Въ большой залѣ, что была подлѣ кабинета, раздался какой-то неопредѣленный звукъ. Точно тихій, протяжный вздохъ пронесся и замеръ. У Ратищева морозъ пробѣжалъ по кожѣ… Онъ тихо подошелъ къ дверямъ залы и съ замираніемъ сердца растворилъ ихъ. Сквозь большія окна, цѣлые потоки луннаго свѣта лились на потемнѣвшій паркетъ и что-то въ родѣ тумана, какъ показалось Ратищеву, пронеслось по этимъ полосамъ. Съ дрожью въ сердцѣ и на зубахъ онъ захлопнулъ дверь.

«Чортъ знаетъ, что такое! — прошепталъ онъ. — Еще галлюцинаціи начнутся…» — и онъ быстро подошелъ къ окну, какъ-то судорожно отдернулъ задвижки, распахнулъ его съ шумомъ и вдохнулъ всею грудью ночной воздухъ. Но воздухъ былъ тепелъ, въ немъ была нѣга, ароматы весеннихъ почекъ. Полный мѣсяцъ стоялъ высоко надъ крышами. Гдѣ-то медленно и отчетливо-звонко часы пробили два раза. Большой мотылекъ быстро влетѣлъ и съ тихимъ, сухимъ журчаньемъ началъ биться о потолокъ.

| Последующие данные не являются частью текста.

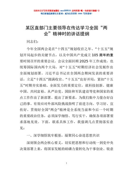 / 某区直部门主要领导在传达学习全国“两会”精神时的讲话提纲
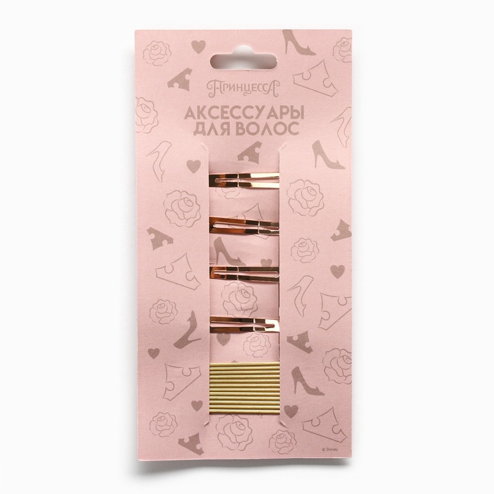 Невидимка золотистая 12 шт., 5 см, заколка клик-клак 4 шт., 5 см, набор, Принцессы

Ратищевъ снова легъ, но не покрылся одѣяломъ. И опять какія-то любовныя, ласковыя рѣчи, точно рѣчи его матери, ясно послышались ему. Онъ чувствовалъ, какъ подъ ихъ теплымъ привѣтомъ что-то таяло въ его сердцѣ. Невольно вставалъ вопросъ за вопросомъ безъ системы, какъ будто темные призраки являлись на судъ и улетали какъ призраки. Какъ-то легко, свободно становилось въ этой кривой и связанной натурѣ. Онъ опять поднялся, вздохнулъ глубоко и опустилъ голову. И въ первый разъ, послѣ многихъ лѣтъ черствой, заскорузлой жизни, какое-то трепетное, робкое умиленіе спустилось въ его сухое сердце.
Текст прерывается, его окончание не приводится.